START Information supplied

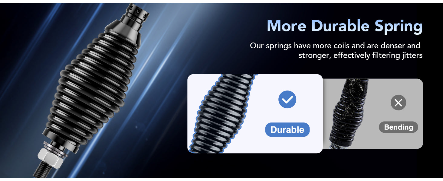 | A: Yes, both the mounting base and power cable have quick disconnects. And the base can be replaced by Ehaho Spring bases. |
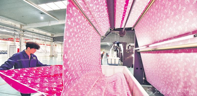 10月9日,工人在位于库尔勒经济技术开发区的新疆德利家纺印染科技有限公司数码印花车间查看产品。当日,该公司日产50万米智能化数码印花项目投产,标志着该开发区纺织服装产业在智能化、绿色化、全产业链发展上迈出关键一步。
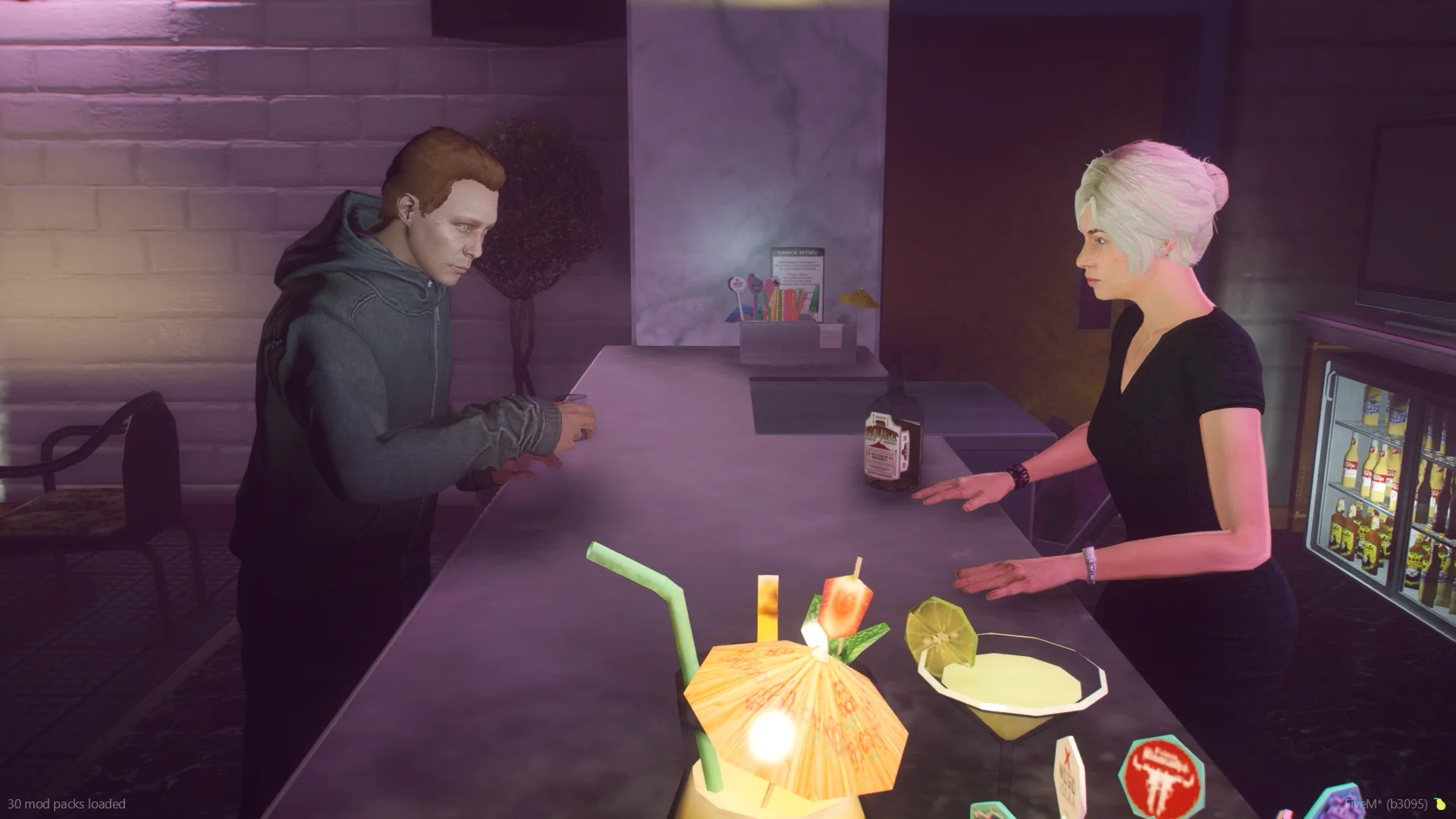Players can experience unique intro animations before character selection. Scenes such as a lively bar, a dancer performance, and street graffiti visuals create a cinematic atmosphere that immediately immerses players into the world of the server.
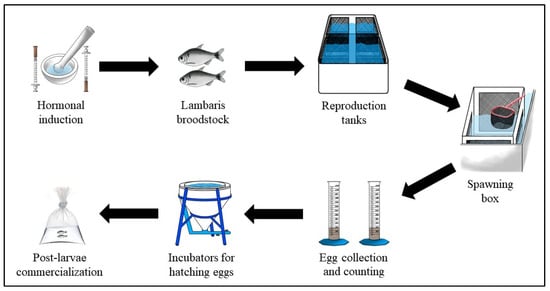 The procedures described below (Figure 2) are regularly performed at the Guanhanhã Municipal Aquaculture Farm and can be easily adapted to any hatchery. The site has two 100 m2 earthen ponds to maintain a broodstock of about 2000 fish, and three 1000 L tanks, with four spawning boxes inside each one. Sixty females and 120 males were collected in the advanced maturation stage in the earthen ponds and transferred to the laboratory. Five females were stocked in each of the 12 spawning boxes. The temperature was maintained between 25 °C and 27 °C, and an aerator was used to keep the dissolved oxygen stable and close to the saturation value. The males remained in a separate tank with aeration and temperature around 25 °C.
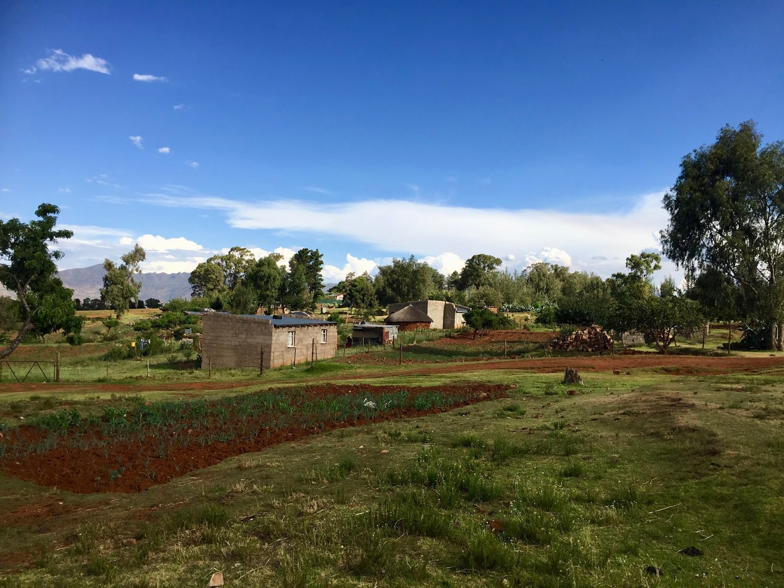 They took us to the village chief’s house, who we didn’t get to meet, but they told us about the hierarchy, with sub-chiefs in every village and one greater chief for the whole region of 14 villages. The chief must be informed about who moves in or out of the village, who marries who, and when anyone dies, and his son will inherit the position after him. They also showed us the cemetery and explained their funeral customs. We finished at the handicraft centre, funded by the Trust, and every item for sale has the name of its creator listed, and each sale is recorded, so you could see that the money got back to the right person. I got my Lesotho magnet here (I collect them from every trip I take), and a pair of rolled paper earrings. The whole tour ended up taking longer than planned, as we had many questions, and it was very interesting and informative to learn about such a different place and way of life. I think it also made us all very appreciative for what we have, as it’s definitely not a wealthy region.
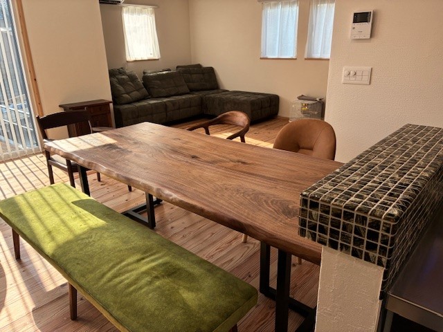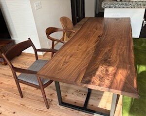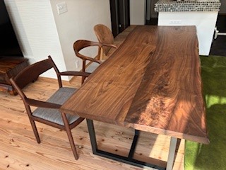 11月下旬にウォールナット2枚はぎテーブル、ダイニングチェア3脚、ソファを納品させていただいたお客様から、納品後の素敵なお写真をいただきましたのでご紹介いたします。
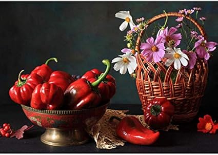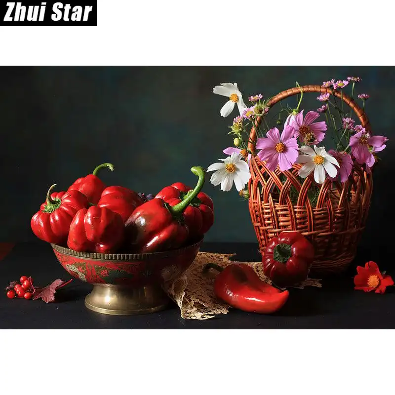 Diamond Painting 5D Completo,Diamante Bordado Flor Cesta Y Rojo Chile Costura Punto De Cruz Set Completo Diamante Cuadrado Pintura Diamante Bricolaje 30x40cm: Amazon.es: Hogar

END Information supplied
START Information supplied

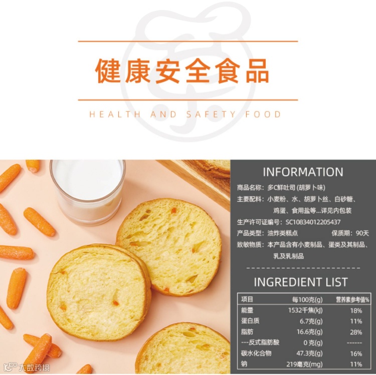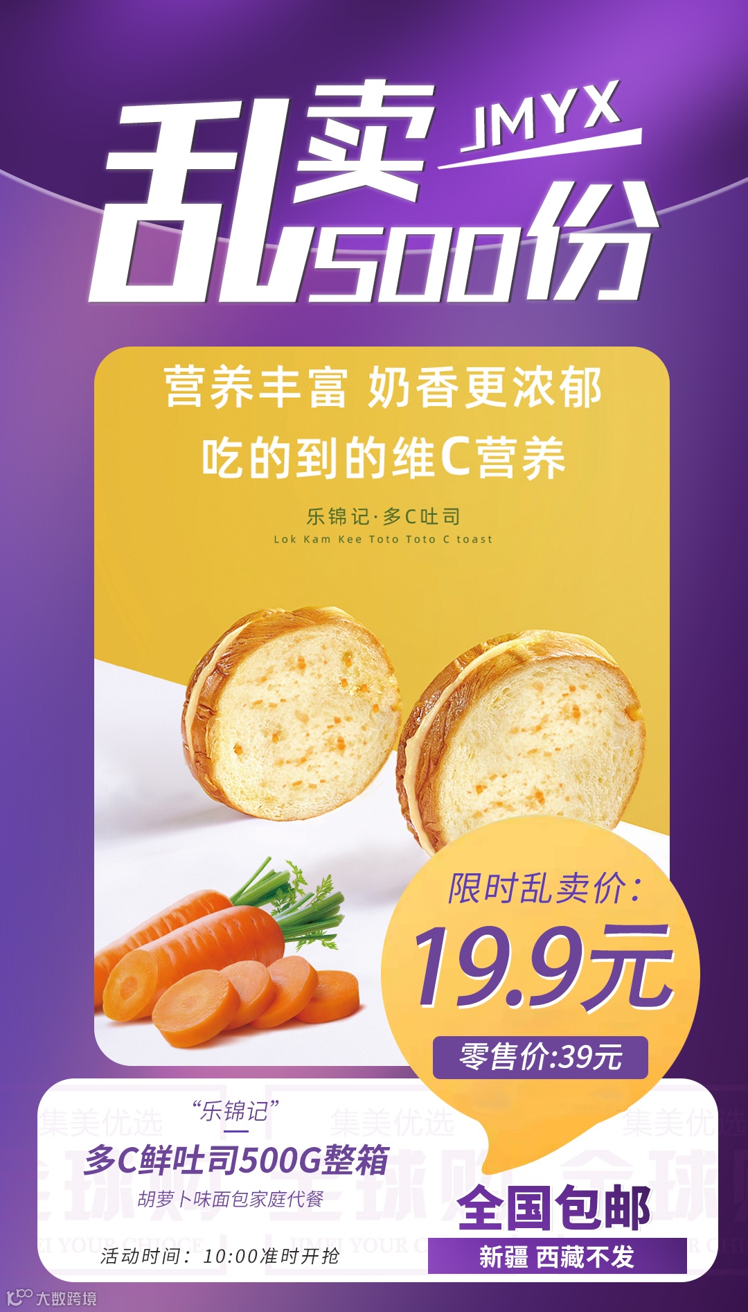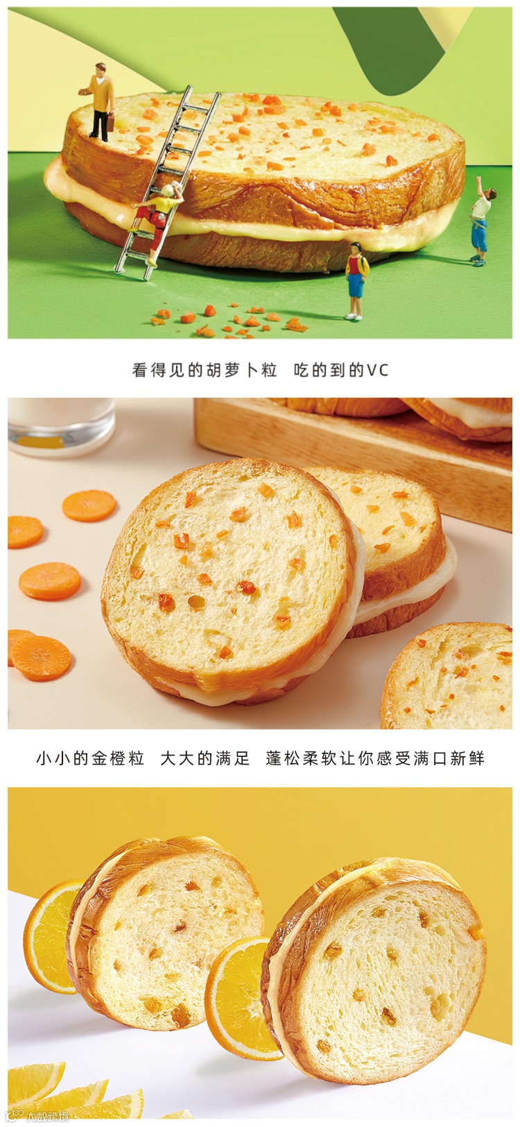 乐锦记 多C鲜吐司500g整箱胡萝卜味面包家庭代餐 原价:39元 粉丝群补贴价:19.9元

END Information supplied

__The task__
Exactly the lines above, from the one containing "Spring bases. |" down to the one containing "The procedures described", are to be repeated, including both ends. Pictures are not part of the copy.

__Task answer__
 | A: Yes, both the mounting base and power cable have quick disconnects. And the base can be replaced by Ehaho Spring bases. |
 10月9日,工人在位于库尔勒经济技术开发区的新疆德利家纺印染科技有限公司数码印花车间查看产品。当日,该公司日产50万米智能化数码印花项目投产,标志着该开发区纺织服装产业在智能化、绿色化、全产业链发展上迈出关键一步。
Players can experience unique intro animations before character selection. Scenes such as a lively bar, a dancer performance, and street graffiti visuals create a cinematic atmosphere that immediately immerses players into the world of the server.
 The procedures described below (Figure 2) are regularly performed at the Guanhanhã Municipal Aquaculture Farm and can be easily adapted to any hatchery. The site has two 100 m2 earthen ponds to maintain a broodstock of about 2000 fish, and three 1000 L tanks, with four spawning boxes inside each one. Sixty females and 120 males were collected in the advanced maturation stage in the earthen ponds and transferred to the laboratory. Five females were stocked in each of the 12 spawning boxes. The temperature was maintained between 25 °C and 27 °C, and an aerator was used to keep the dissolved oxygen stable and close to the saturation value. The males remained in a separate tank with aeration and temperature around 25 °C.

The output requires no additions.